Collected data
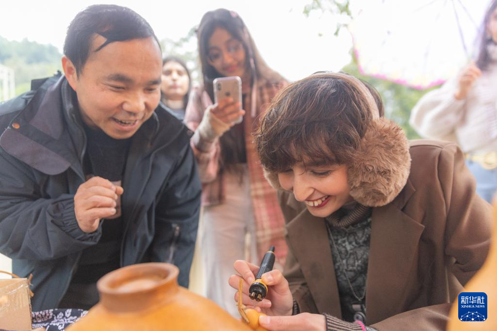 1月7日,在重庆市北碚区偏岩古镇,留学生体验葫芦雕刻。
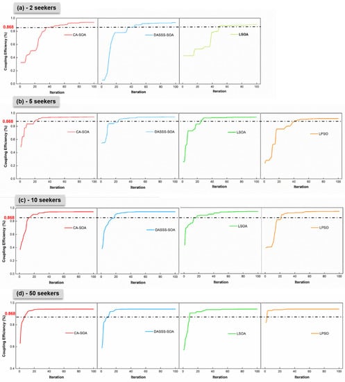 Based on Equation (19), the optimal value of coupling efficiency was 0.877 when combined with Table 2. Therefore, the terminal condition of algorithm iterations was set to 99% efficiency (0.868). Table 3 shows the search performance of the proposed CASOA with different numbers of seekers.
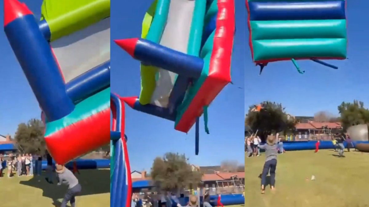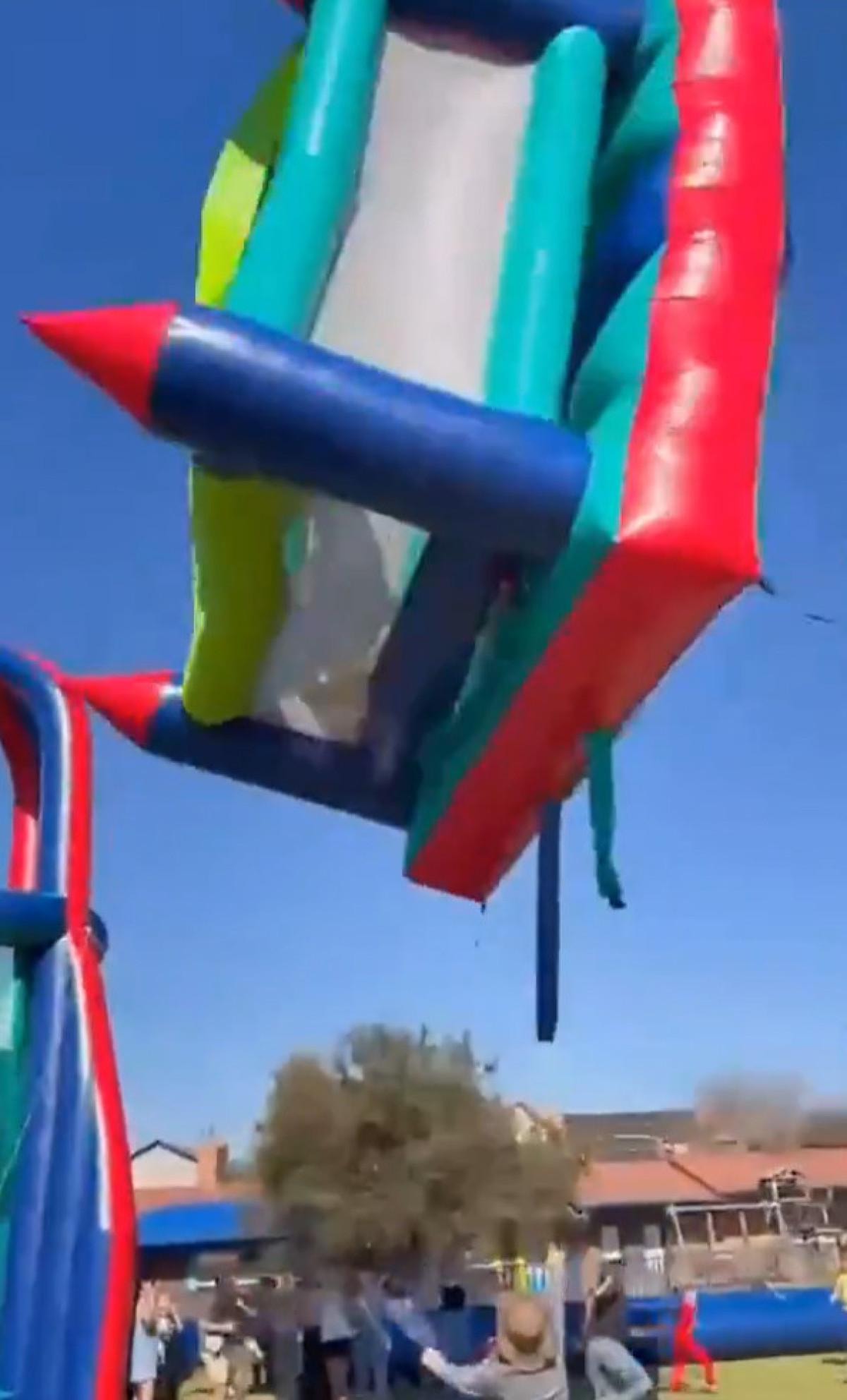 Krugersdorp kentinde şiddetli rüzgar ortalığı birbirine kattı. Kentteki bir okulda düzenlenen yardım etkinliği sırasında çocukların bulunduğu şişme oyun alanı ani bir rüzgarla havaya savruldu.
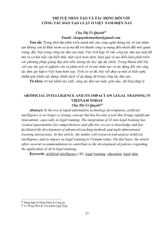 intelligence and its impact on legal training in Vietnam today. On that basis, the article
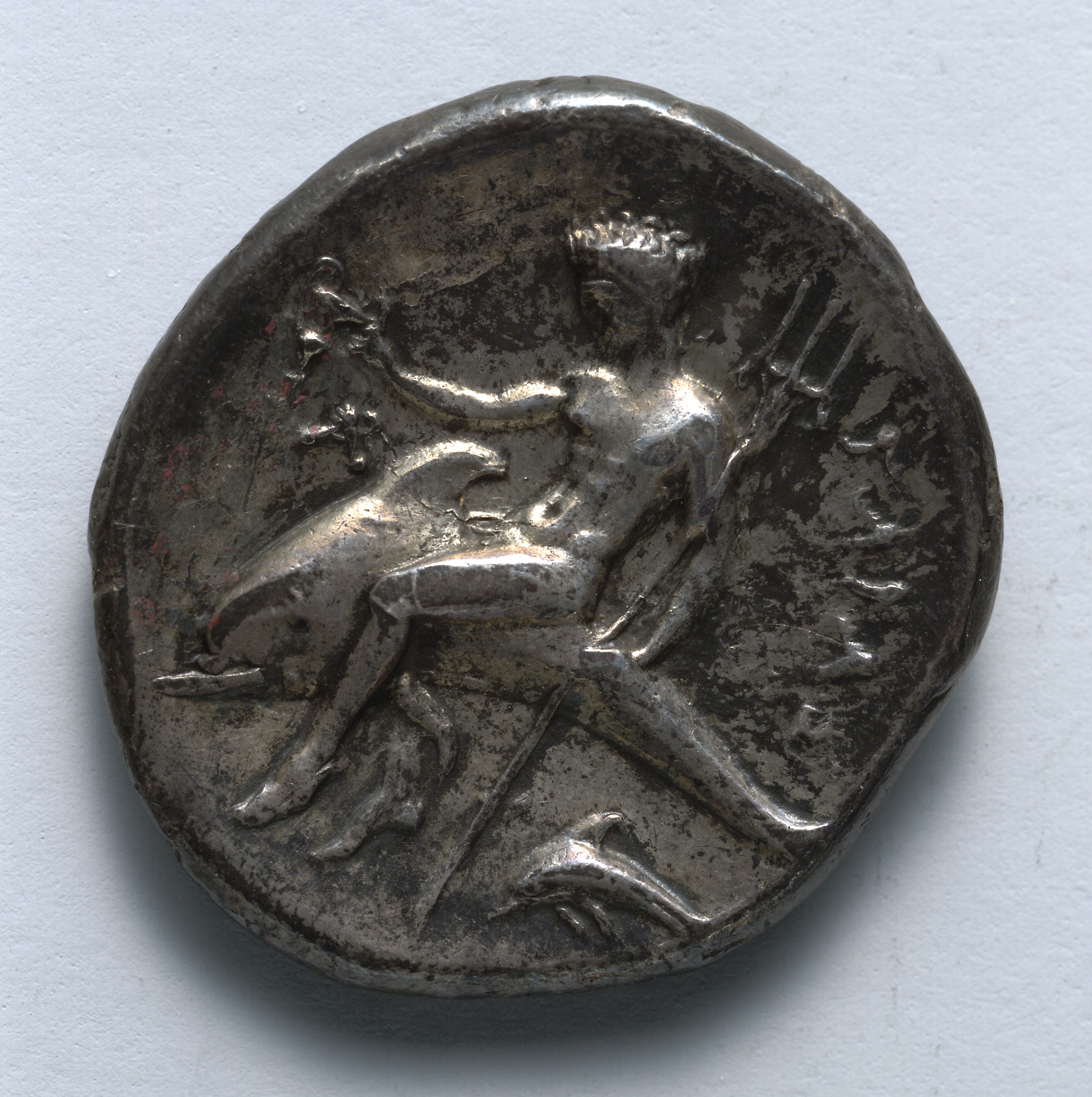Stater: Nude Warrior on Horseback (obverse); Taras (reverse)
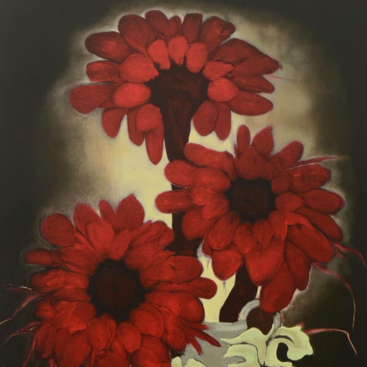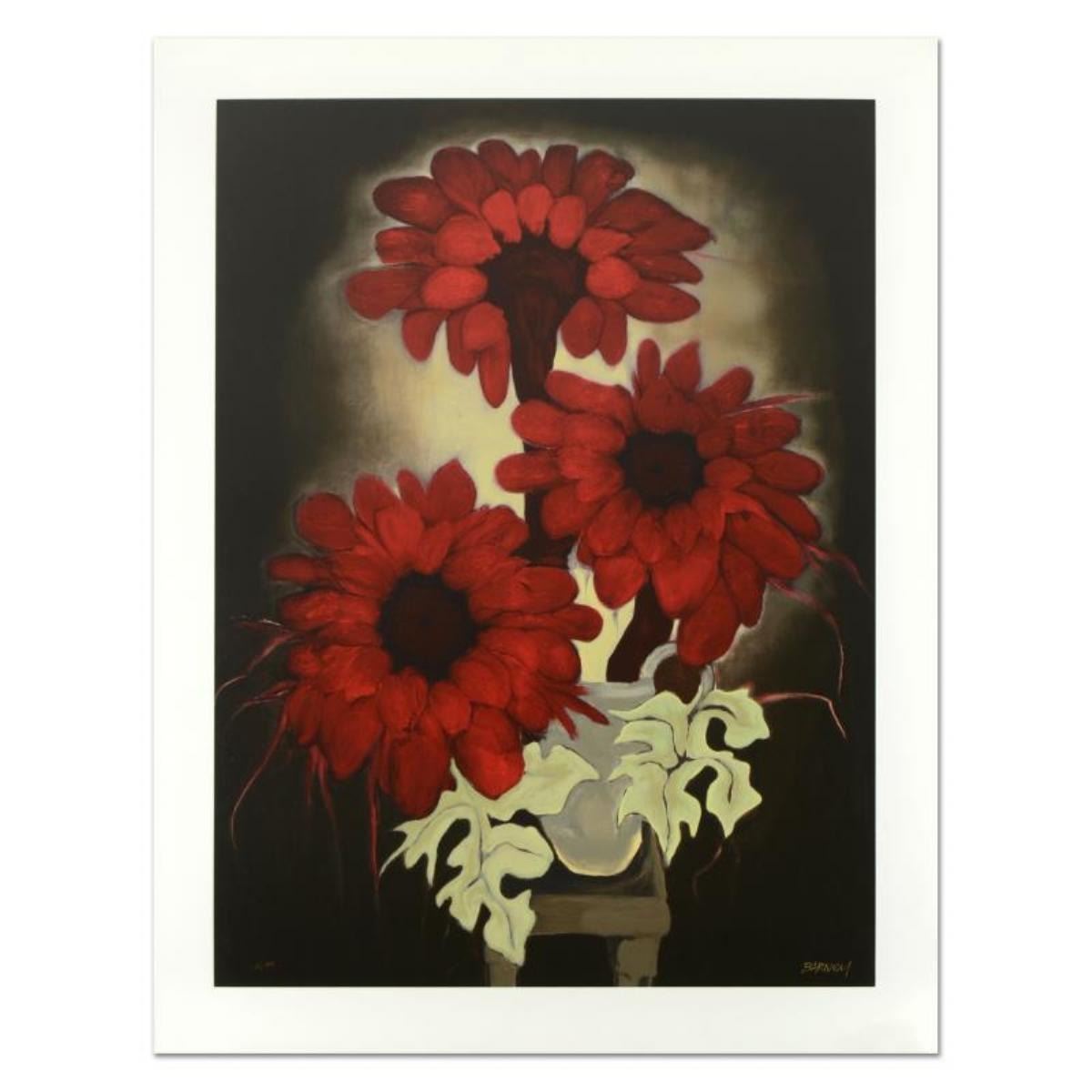 "Daisy Red" is a limited edition serigraph on paper by Brenda Barnum, numbered and hand signed by the artist. Includes Certificate of Authenticity. Measures approx. 36" x 46" (border), 30" x 40" (image).
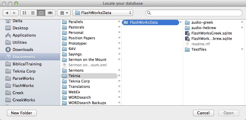 When you start FlashWorks for the first time, you need to tell it where the database is. It is in your Documents > Teknia > FlashWorksData directory/folder.

Your objective: An exact copy of the lines from the one with "is a limited" through the end of the records: produce that and nothing more, leaving out the pictures.

Task answer:
 "Daisy Red" is a limited edition serigraph on paper by Brenda Barnum, numbered and hand signed by the artist. Includes Certificate of Authenticity. Measures approx. 36" x 46" (border), 30" x 40" (image).
 When you start FlashWorks for the first time, you need to tell it where the database is. It is in your Documents > Teknia > FlashWorksData directory/folder.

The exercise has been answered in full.